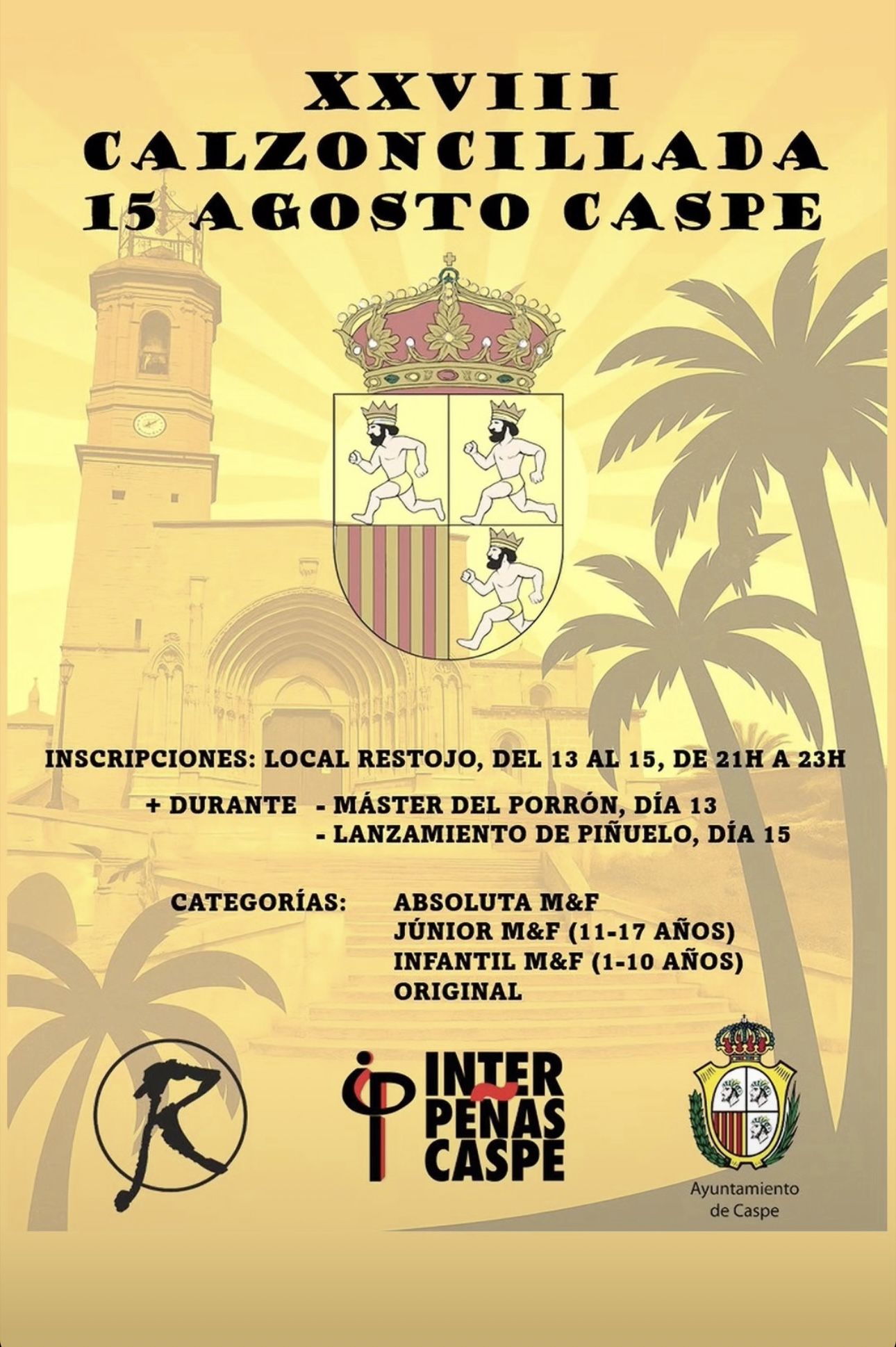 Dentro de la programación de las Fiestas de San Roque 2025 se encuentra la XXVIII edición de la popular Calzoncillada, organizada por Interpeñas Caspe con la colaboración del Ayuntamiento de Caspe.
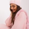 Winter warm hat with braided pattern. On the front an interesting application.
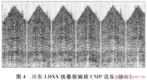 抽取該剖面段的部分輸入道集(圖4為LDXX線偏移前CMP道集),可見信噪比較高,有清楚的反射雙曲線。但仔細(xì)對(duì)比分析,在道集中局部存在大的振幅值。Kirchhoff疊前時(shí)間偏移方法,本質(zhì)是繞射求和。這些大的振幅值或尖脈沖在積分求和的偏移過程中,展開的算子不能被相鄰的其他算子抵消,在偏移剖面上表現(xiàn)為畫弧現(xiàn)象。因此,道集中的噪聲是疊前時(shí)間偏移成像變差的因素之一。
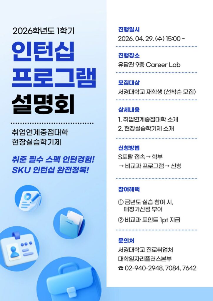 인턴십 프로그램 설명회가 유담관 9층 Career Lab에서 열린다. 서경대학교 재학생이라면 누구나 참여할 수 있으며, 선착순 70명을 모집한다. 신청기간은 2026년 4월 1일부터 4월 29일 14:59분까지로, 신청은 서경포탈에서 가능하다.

==

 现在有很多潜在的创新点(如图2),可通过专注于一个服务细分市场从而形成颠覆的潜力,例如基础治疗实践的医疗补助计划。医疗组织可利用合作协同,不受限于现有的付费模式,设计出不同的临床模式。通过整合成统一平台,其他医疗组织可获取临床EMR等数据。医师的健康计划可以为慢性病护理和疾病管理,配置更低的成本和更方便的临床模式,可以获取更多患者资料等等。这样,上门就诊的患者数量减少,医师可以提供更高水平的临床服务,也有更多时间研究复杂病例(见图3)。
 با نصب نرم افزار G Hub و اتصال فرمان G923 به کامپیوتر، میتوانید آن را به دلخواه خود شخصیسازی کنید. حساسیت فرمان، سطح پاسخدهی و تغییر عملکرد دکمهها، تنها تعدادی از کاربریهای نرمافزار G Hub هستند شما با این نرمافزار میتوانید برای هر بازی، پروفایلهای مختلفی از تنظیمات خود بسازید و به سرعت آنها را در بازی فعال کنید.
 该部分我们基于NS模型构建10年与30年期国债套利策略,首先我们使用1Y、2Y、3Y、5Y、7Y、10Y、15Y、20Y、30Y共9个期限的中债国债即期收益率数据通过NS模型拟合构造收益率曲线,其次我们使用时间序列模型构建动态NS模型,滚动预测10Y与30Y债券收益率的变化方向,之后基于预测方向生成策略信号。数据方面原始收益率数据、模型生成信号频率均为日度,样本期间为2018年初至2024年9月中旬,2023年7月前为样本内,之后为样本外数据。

* * *

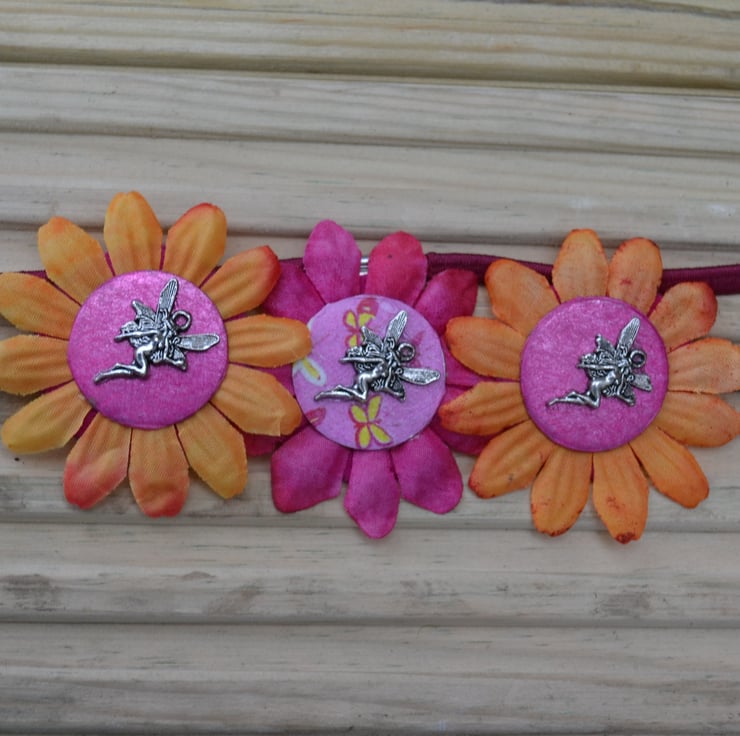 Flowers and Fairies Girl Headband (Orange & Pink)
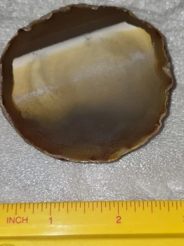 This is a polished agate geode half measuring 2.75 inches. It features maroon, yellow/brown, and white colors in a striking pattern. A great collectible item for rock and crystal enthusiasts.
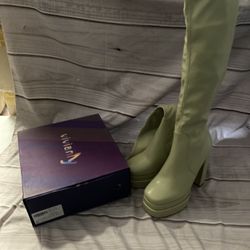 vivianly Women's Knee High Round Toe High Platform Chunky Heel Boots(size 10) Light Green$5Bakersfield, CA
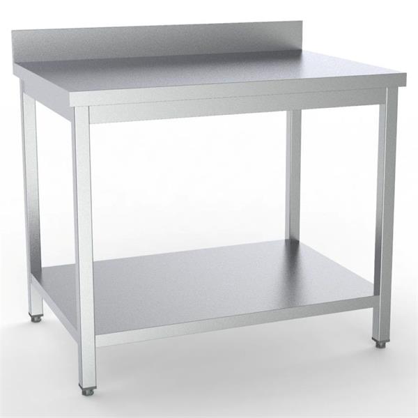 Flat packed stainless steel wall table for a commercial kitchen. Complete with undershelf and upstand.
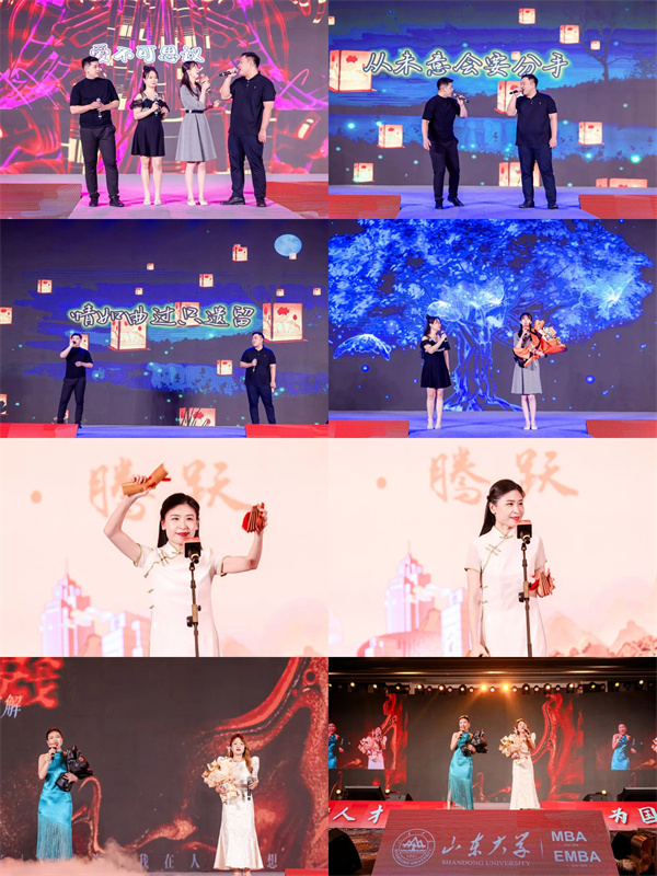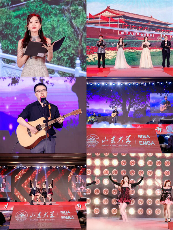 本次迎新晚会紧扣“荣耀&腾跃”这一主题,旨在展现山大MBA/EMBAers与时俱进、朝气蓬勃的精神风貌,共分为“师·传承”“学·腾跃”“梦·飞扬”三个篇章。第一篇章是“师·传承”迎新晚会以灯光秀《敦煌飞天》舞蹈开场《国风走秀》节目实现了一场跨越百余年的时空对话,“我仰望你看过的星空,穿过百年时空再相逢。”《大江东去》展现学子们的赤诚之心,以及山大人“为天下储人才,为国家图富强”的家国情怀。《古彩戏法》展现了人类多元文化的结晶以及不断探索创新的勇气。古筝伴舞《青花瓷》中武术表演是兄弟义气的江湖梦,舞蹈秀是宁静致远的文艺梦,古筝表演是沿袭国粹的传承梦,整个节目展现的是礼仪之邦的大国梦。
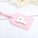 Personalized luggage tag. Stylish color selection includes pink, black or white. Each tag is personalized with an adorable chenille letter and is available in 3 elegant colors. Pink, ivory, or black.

● **Exercise brief**
Once the line with "Dentro de la" has been found above, output that line and every later line exactly, stopping after the line with "인턴십 프로그램 설명회가", and omit the pictures.

● **Solution to this task**
 Dentro de la programación de las Fiestas de San Roque 2025 se encuentra la XXVIII edición de la popular Calzoncillada, organizada por Interpeñas Caspe con la colaboración del Ayuntamiento de Caspe.
 Winter warm hat with braided pattern. On the front an interesting application.
 抽取該剖面段的部分輸入道集(圖4為LDXX線偏移前CMP道集),可見信噪比較高,有清楚的反射雙曲線。但仔細(xì)對(duì)比分析,在道集中局部存在大的振幅值。Kirchhoff疊前時(shí)間偏移方法,本質(zhì)是繞射求和。這些大的振幅值或尖脈沖在積分求和的偏移過程中,展開的算子不能被相鄰的其他算子抵消,在偏移剖面上表現(xiàn)為畫弧現(xiàn)象。因此,道集中的噪聲是疊前時(shí)間偏移成像變差的因素之一。
 인턴십 프로그램 설명회가 유담관 9층 Career Lab에서 열린다. 서경대학교 재학생이라면 누구나 참여할 수 있으며, 선착순 70명을 모집한다. 신청기간은 2026년 4월 1일부터 4월 29일 14:59분까지로, 신청은 서경포탈에서 가능하다.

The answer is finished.